Baldwin v Everingham [1993] 1 Qd R 10 - treated the fact that the issue was one of public importance as sufficient to render all questions as to the internal processes justiciable, provides an inadequate basis for distinguishing Cameron v Hogan.

Butler v Mulholland (No 2) [2013] VSC 662Robson J addressed a dispute within the Democratic Labor Party as to who was the secretary of the party and the person responsible for providing details to the electoral officer for registration under the Victorian legislation.

Cameron v Hogan (1934) 51 CLR 358[1934] HCA 24 - binding authority that disputes arising from the application of the rules of an unincorporated political party are not justiciable. 

Edgar and Walker v Meade (1916) 23 CLR 29[1916] HCA 70 - concluded that disputes concerning the rules of a voluntary organization became justiciable when the voluntary association attained (what Dowsett J described as) ‘significance in public affairs’. 

Johnson v The Greens NSW [2019] NSWSC 215 - Robb J noted that s 26 of the Associations Incorporation Act 2009 (NSW) gave contractual force to that political party’s constitution and thus Cameron v Hogan was inapplicable.

LNC Industries Ltd v BMW (Australia) Ltd (1983) 151 CLR 575[1983] HCA 31 - provides that the Court, in dealing with the Electoral Act, would be dealing with an issue arising under a federal law and would therefore be exercising federal jurisdiction.

Mulholland v Australian Electoral Commission (2004) 220 CLR 181[2004] HCA 41 - noted that the scheme for registration was first introduced in 1983, and later amended in 2000 and 2001. 

Ruddick v Commonwealth of Australia [2022] HCA 9 - explained that the other contextual factor relating to the registration of political parties was the provision of direct funding for political parties. 
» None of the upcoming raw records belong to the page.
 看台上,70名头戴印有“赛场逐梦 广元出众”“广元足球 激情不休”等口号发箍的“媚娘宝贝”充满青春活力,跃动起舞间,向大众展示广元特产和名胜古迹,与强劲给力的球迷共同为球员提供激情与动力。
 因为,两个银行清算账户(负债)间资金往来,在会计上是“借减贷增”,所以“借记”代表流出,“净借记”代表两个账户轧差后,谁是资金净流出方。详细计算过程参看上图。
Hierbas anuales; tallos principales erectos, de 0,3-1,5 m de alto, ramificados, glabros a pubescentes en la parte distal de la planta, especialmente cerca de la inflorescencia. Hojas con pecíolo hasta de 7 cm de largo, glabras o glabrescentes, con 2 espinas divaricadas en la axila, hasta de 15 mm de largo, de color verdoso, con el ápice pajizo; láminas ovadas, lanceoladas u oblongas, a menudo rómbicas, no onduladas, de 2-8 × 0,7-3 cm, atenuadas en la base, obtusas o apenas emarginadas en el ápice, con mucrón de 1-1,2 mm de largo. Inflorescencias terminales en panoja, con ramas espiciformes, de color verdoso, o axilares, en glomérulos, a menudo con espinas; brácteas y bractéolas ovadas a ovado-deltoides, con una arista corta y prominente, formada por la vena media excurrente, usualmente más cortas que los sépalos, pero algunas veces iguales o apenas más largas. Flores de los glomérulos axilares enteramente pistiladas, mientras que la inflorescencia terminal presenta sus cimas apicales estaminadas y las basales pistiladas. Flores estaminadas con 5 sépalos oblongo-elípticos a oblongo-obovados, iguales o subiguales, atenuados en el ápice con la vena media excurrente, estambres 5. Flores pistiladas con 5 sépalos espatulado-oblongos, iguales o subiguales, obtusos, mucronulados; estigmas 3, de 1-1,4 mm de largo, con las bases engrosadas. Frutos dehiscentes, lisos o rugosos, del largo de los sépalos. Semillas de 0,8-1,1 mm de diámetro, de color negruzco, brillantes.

Setka v Carroll (2019) 58 VR 657[2019] VSC 571 - involved a challenge to the expulsion of the plaintiff from the Australian Labor Party by resolution of the National Executive. 

Analysis:

Although the Court in Cameron v Hogan made no reference to any electoral legislation, presumptions as to the nature and operation of political parties were probably influenced by that legislative context.  The joint reasons in Cameron v Hogan did not conclude that no issue as to the operation and management of a voluntary association could be the subject of proceedings in a court.   The joint reasons acknowledged that proceedings might be brought to enforce a proprietary interest in property held by a voluntary association and to enforce contractual rights between members (if any).  There might also be an action in tort if members of the association took steps in reliance upon an attempted expulsion from membership which steps were resisted.  
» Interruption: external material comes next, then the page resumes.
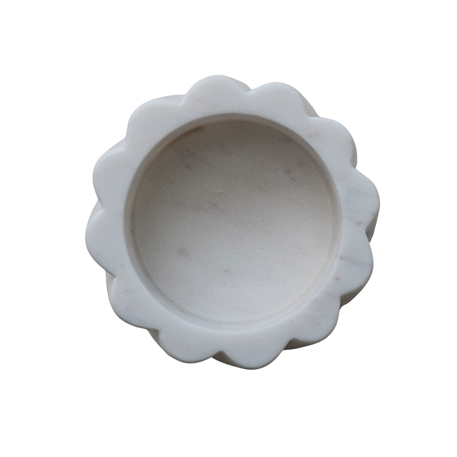 Catalog Name: 5-1/2" Round x 2-1/4"H Marble Twisted Carved Scalloped Bottle Holder, White
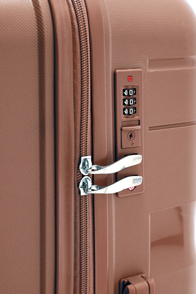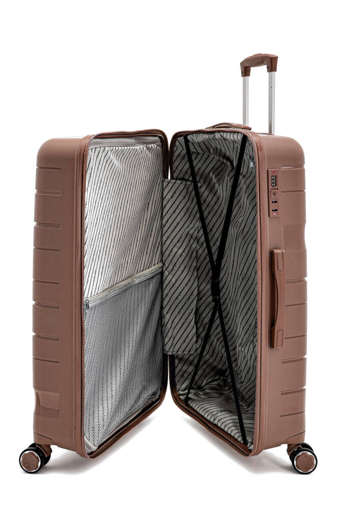 Malzeme: %100 Polipropilen (PP) – Darbelere ve çizilmelere karşı dayanıklı. Tekerlek: 360° dönebilen, sessiz, çift tekerlek sistemi ile kolay taşınabilir. Gövde: Esnek ve kırılmaz gövde yapısı. Kilit Sistemi: TSA onaylı şifreli kilit – Uluslararası seyahatler için güvenli. Çekçek Kolu: Dayanıklı, ayarlanabilir alüminyum teleskopik kol. Taşıma Kolları: Üst ve yan ergonomik tutma kolları. İç Bölme: Fermuarlı ara bölme ve lastikli sabitleme kayışları ile düzenli kullanım. Tasarım: Şık ve modern görünüm, farklı renk seçenekleri ile her zevke uygun. Kullanım Alanı: Uzun yolculuklar ve tatiller için geniş hacimli kullanım.

The plaintiff’s basis for distinguishing Cameron v Hogan was the changed statutory scheme for the regulation of political parties.  The issue, however, is not whether the Electoral Act has changed significantly since 1934 (which it clearly has), but whether the changes warrant intervention in a particular case.  The existence of a dispute does not enliven the jurisdiction of the Court to determine the dispute.  There was a dispute in Cameron v Hogan, but the Court did not have power to determine it.

The plaintiff contended that statutory recognition of the process of endorsement gave rise to a right enforceable at the behest of an interested party member, to have the court determine the validity of the internal process by which the endorsement occurred.  Statements that pre-selection disputes have a “close connection” with provisions of the Electoral Act concerning nomination, endorsement and funding fall short of explaining why a dispute between the members of an organisation whose rules lack contractual force may become justiciable.

The public interest in the operation of major political parties does not justify judicial intervention in internal party disputes generally.  The provisions in the current Electoral Act providing for party registration, candidate nomination and endorsement, and public funding do not purport to affect the general internal operations of political parties. 

Conclusion:

The Court ordered to dismiss the statement of claim filed on 15 March 2022 in the Equity Division, removed into this Court by order made on 30 March 2022 and remitted by the High Court of Australia on 31 March 2022.